[Task inputs Boundary: Start]

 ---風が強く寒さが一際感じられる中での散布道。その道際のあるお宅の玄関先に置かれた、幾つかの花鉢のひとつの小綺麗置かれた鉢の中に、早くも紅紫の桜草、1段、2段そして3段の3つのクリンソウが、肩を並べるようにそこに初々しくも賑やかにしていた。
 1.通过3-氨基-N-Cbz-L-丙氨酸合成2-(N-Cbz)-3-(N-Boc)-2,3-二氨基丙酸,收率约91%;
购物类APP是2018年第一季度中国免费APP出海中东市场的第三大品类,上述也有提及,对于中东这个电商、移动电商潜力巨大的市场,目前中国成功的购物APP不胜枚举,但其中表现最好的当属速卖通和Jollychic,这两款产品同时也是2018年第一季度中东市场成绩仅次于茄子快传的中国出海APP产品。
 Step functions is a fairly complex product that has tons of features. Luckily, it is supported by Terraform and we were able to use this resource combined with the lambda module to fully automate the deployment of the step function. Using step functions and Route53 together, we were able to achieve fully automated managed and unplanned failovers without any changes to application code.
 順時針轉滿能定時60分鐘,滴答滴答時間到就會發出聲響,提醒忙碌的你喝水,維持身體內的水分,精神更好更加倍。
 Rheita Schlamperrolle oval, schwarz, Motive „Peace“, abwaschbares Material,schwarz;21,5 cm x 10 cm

[Task inputs Boundary: End]
[Task inputs Boundary: Start]

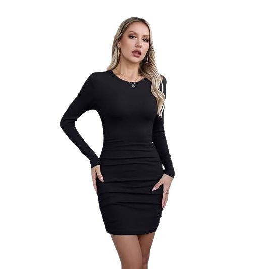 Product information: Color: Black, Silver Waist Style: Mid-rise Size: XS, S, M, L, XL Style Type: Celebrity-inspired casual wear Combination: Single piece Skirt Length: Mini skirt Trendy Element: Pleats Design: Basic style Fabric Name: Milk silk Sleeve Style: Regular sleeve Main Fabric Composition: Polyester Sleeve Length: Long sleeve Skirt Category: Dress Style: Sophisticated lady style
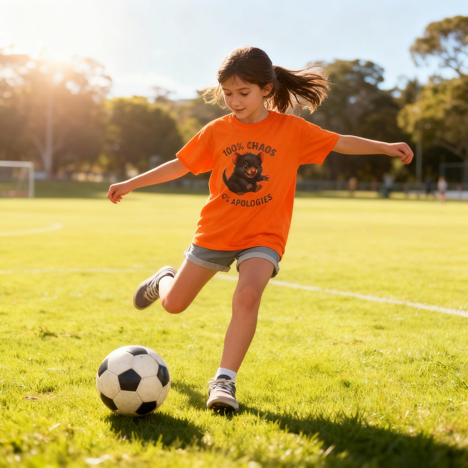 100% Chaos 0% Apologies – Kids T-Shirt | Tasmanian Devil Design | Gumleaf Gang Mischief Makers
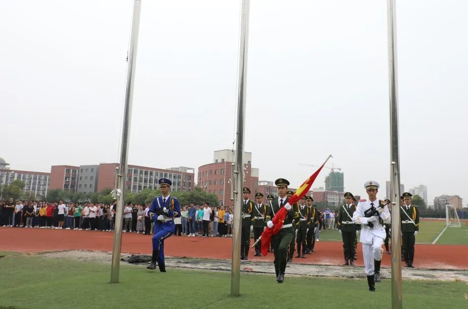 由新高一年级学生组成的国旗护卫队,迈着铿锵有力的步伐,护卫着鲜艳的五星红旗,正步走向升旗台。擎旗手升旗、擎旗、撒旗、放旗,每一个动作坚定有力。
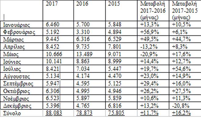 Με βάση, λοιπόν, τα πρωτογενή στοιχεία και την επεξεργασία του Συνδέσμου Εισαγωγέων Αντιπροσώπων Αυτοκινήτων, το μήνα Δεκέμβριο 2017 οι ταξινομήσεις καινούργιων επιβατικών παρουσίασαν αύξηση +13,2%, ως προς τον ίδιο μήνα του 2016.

[Task inputs Boundary: End]

▶ **What this task involves**: Extract from the listing above the lines between the line containing "1.通过3-氨基-N-Cbz" and the line containing "Rheita Schlamperrolle oval, schwarz, Motive", keeping both of those lines. Output nothing else.

▶ **The answer**:
 1.通过3-氨基-N-Cbz-L-丙氨酸合成2-(N-Cbz)-3-(N-Boc)-2,3-二氨基丙酸,收率约91%;
购物类APP是2018年第一季度中国免费APP出海中东市场的第三大品类,上述也有提及,对于中东这个电商、移动电商潜力巨大的市场,目前中国成功的购物APP不胜枚举,但其中表现最好的当属速卖通和Jollychic,这两款产品同时也是2018年第一季度中东市场成绩仅次于茄子快传的中国出海APP产品。
 Step functions is a fairly complex product that has tons of features. Luckily, it is supported by Terraform and we were able to use this resource combined with the lambda module to fully automate the deployment of the step function. Using step functions and Route53 together, we were able to achieve fully automated managed and unplanned failovers without any changes to application code.
 順時針轉滿能定時60分鐘,滴答滴答時間到就會發出聲響,提醒忙碌的你喝水,維持身體內的水分,精神更好更加倍。
 Rheita Schlamperrolle oval, schwarz, Motive „Peace“, abwaschbares Material,schwarz;21,5 cm x 10 cm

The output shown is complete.